An Old World Garden in New World Clothes

by Mary Jasch

Pamela Page, gardener, gourmet, film maker, shapes her garden with symmetry, dresses it in colorful vegetables, and bejewels it with flowers.

“It’s for looking at and living in – a pleasure garden,” says Page of her garden on Ho-Hum-Hollow Farm in Bethel Connecticut. “I would only grow beautiful vegetables in a beautiful way. Form didn’t follow function.

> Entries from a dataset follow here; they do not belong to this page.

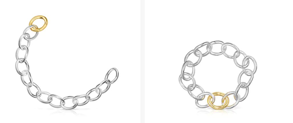 Los accesorios elegantes y sofisticados destacan como una de las propuestas de Tous de cara a esta temporada de calor. En este caso, llama la atención esta pulsera de anillas bicolor, en plata y dorado, cuya mezcla hará resaltar todos tus conjuntos. Cuenta con un precio de 289 euros. Sin embargo, será una inversión para toda la vida.
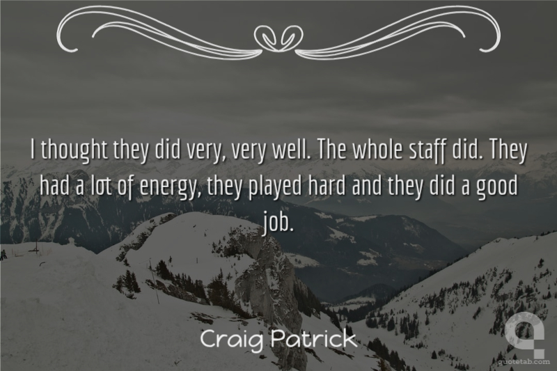I thought they did very, very well. The whole staff did. They had a lot of energy, they played hard and they did a good job.
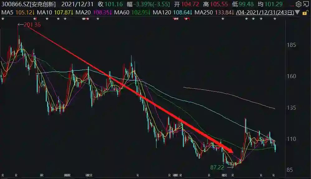 尽管便携储能产品为安克创新带来了新的增长点,但今年其二级市场的表现却不尽人意。2021年全年来看,安克创新的扣非净利润同比减少2.69%,这也是2014年以来的首次下降(注:2014年安克创新在新三板挂牌),且股价也从2021年最高点的201.36跌到了最低点的87.22,跌去了55%以上。
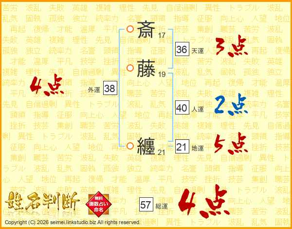 斎藤纏さんの総運は57画の4点!
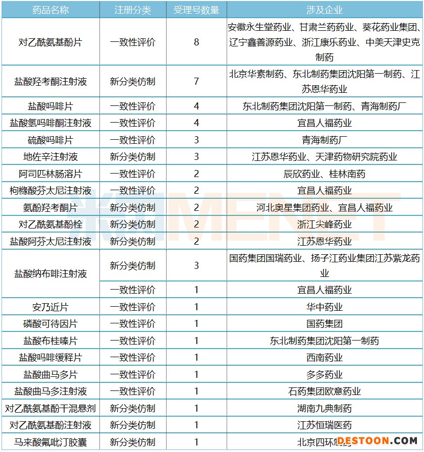截至目前,在審的止痛藥一致性評(píng)價(jià)補(bǔ)充申請(qǐng)及新分類仿制上市申請(qǐng)涉及21個(gè)產(chǎn)品,其中18個(gè)目前暫無(wú)企業(yè)過(guò)評(píng),地佐辛注射液、阿司匹林腸溶片、氨酚羥考酮片、鹽酸納布啡注射液以及鹽酸羥考酮注射液為中國(guó)公立醫(yī)療機(jī)構(gòu)終端TOP10產(chǎn)品。
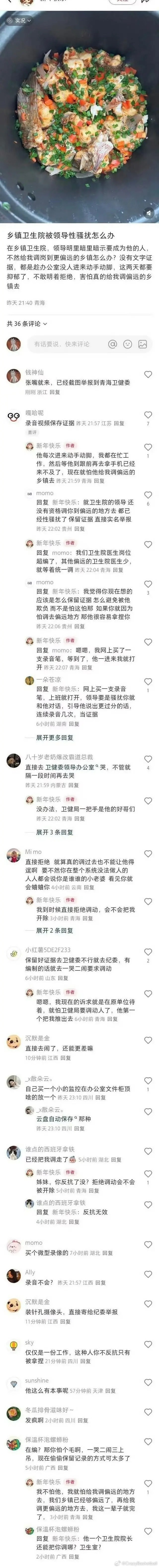 小仙女发帖说自己被乡镇卫生院的领导性骚扰,热心网友说跟当地卫健委联系了,后续你们自己看吧………

I wanted to know what it is like to live from the land.”

The romance began ten years ago when Page had a trench dug 30 inches deep, 55 feet wide and 90 feet long. “My husband asked ‘Are you out of your mind?’ I said, 'No, I want to grow my own food.'” She also wanted physical exercise that would substitute for the monotony of a gym.

She had fences built to keep out critters and geometric beds dug and edged in cedar from her land. She and husband Igor Jozsa built a pergola and fence (almost causing divorce) and, later, trellises and other accoutrements.

For inspiration on style, Page looked to the Renaissance, to monastic gardens and those of the early Egyptians, then set to work.

The garden is an Old World design dressed up in New World clothes, she says. “With the idea that traditional American vegetable garden design constitutes row upon row rather than the European-style plots, I thought it would be interesting to repeat the design in America.

“The gardens of the Middle Ages back to the Egyptians had the concept of gardens as not only productive and not only for looking at, they were for living in. They were called Pleasure Gardens where people would court, sing, read poetry… “I wanted to entertain in my garden, have lunches, read.” But she admits she just hasn’t had the time, although her guests do.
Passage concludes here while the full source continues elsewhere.